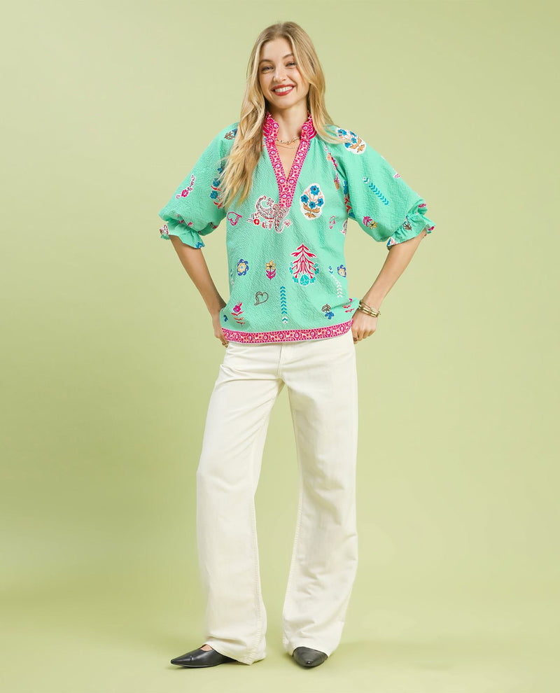 Umgee Apricot Floral Boho Top with Split Neckline and Puff Sleeves
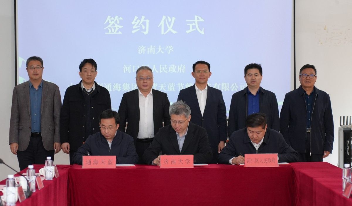 学校合作发展处处长刘振,河口区政府副区长耿蕴书,山东胜利通海集团东营天蓝节能科技有限公司总经理柴泽峰共同签订研究院共建协议。
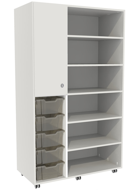 Hoge verrijdbare flex-kast met rechtsbovenin een deur,

- Work item -
Give the data again exactly as written, with all pictures left out.

- Exercise solution -
 Umgee Apricot Floral Boho Top with Split Neckline and Puff Sleeves
 学校合作发展处处长刘振,河口区政府副区长耿蕴书,山东胜利通海集团东营天蓝节能科技有限公司总经理柴泽峰共同签订研究院共建协议。
 Hoge verrijdbare flex-kast met rechtsbovenin een deur,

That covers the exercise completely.